Sounds smooth and then hard hitting to the chest LOL.I've seen your post about you growing RP og kush and og kush18,I was wondering if you have ever grew drgreenthumbs og kush and wondered how it compared to RP.If you have let me know how they compare to each other thanks.


----------



## CR500ROOST (Nov 2, 2011)

Dwezelitsame said:


> straight up like dat dere boyee
> 
> bubba is shonuff da fkn bomb its foreal
> the hoe foreal
> ...


4sho just what I wanted to here.I got some pre98 seeds and wanted to know how good the strain was.


----------



## BeaverHuntr (Nov 2, 2011)

CR500ROOST said:


> Sounds smooth and then hard hitting to the chest LOL.I've seen your post about you growing RP og kush and og kush18,I was wondering if you have ever grew drgreenthumbs og kush and wondered how it compared to RP.If you have let me know how they compare to each other thanks.


Yeah I grew out the OG #18 and it grew fine it was knock out smoke right before you sleep. Really chemy smell not a huge yielder and didnt take high nutes well. I grew in DWC and the only complaint I have is that it stretches a lot and doesnt take well to high nutes. The Larry I'm growing in Coco chips and so far out of the 3 I have 1 Larry is growing like crazy the other two got bummed out by stupid fungus gnats.


----------



## skunkd0c (Nov 2, 2011)

nice to hear some good reports about cc,  have seen a few bad ones lately on riu and other forums , mostly about there new fems seeds, folk having problems with seeds germinating and autoflowering traits etc


----------



## skunkd0c (Nov 2, 2011)

this is the best looking one on the site, he says its the best, but still no seeds for it yet .. raskal og aka fire og
looks quite similar to og kush from reserva privada and og18 from dna genetics


----------



## CR500ROOST (Nov 2, 2011)

skunkd0c said:


> this is the best looking one on the site, he says its the best, but still no seeds for it yet .. raskal og aka fire og
> looks quite similar to og kush from reserva privada and og18 from dna genetics


Raskal og was tested with the highest thc% out of all the CC strains.
Og rascal seeds just got in stock
http://www.sowamazingseeds.com/shop/4_cali-connection?p=2


----------



## CR500ROOST (Nov 2, 2011)

I ordered some pre 98 Bubba bx2 feminized seeds from attitude at the beginnin of the specail wherexif you order any CC seeds you get 12 mix seeds free.are those the seeds that r having problems with auto flowering and not terming?Thanks for any help.


----------



## skunkd0c (Nov 2, 2011)

yeh, i heard the bubba and the fems were having the issues and to avoid them and go for the regular seeds , folk were getting replacement seeds due to autoflowerin and hemmy problems
i know swerve has an account on riu but he not here much, he posted the otherday here, that he was having problems, and that its not the method he is using to produce fems, as he is using the same method as the guys from dna they helped him with it, so he says the method is sound, but the genes he tried it with , just didn't respond well


----------



## the real mccoy (Nov 2, 2011)

Sour og!!!!!!!!!!!!!!!


----------



## CR500ROOST (Nov 2, 2011)

*Sour og got a vote 
everybody post pics of your lovely cali connection plants here and vote vote vote.***


----------



## wyteberrywidow (Nov 2, 2011)

I've grown Larry og, tahoe og, deadhead og,sour og,pre 98 bubba,corleone kush,Jedi kush,Julius caeser,chem valley kush and still got more to come.
I have some raskal og growing now along with more Tahoe beans.

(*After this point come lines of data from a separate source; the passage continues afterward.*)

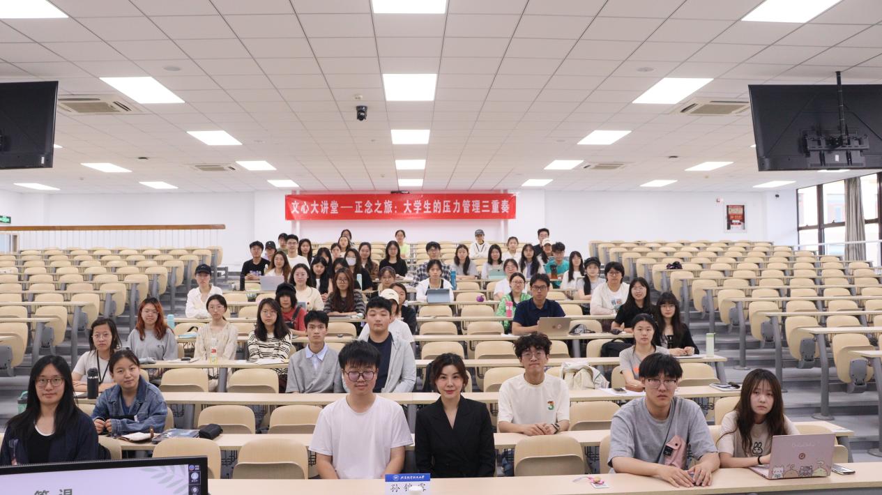 孙锦露老师以新生适应性问题为切入点,深入剖析了新生的压力来源与应对策略。她指出,大学新生在环境适应、学业挑战及人际关系重构等方面面临多重变化,这些因素易引发心理压力。为帮助员工科学认知压力状态,孙老师引导同学们进行了压力自测,并结合“耶基斯-多得森定律”指出,适度的压力可激活个体潜能、提升效能,但长期处于高压状态则易导致身心耗竭。她强调,压力是生活的常态,关键在于掌握科学的应对方法,与压力和谐共处。最后,孙老师带领同学们体验了“正念觉察呼吸”,帮助大家察觉和接纳自己的身体状态。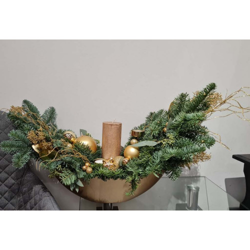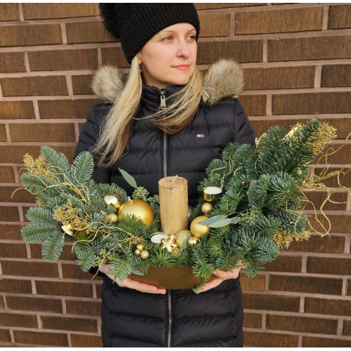 Adventes kompozīcija no dzīvas Nobilis egles ar 4 svecēm, skimiju, eikaliptu, dekoaratīviem materiāliem plastikas podā (55x35cm).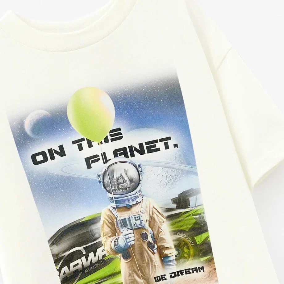 Белый фон и яркий принт с астронавтом делают эту вещь акцентом в образе. Настоящий street casual для девочек, которые любят мечтать и идти вперёд. Лёгкий и удобный крой обеспечивает комфорт в течение всего дня, а универсальный дизайн легко комбинируется с брюками и джемперами из капсулы.

So far the best I've had has to be the Tahoe and bubba. The bubba puts u on your ass.. The Tahoe will have you higher than a kite.


----------



## CR500ROOST (Nov 2, 2011)

wyteberrywidow said:


> I've grown Larry og, tahoe og, deadhead og,sour og,pre 98 bubba,corleone kush,Jedi kush,Julius caeser,chem valley kush and still got more to come.
> I have some raskal og growing now along with more Tahoe beans.
> 
> So far the best I've had has to be the Tahoe and bubba. The bubba puts u on your ass.. The Tahoe will have you higher than a kite.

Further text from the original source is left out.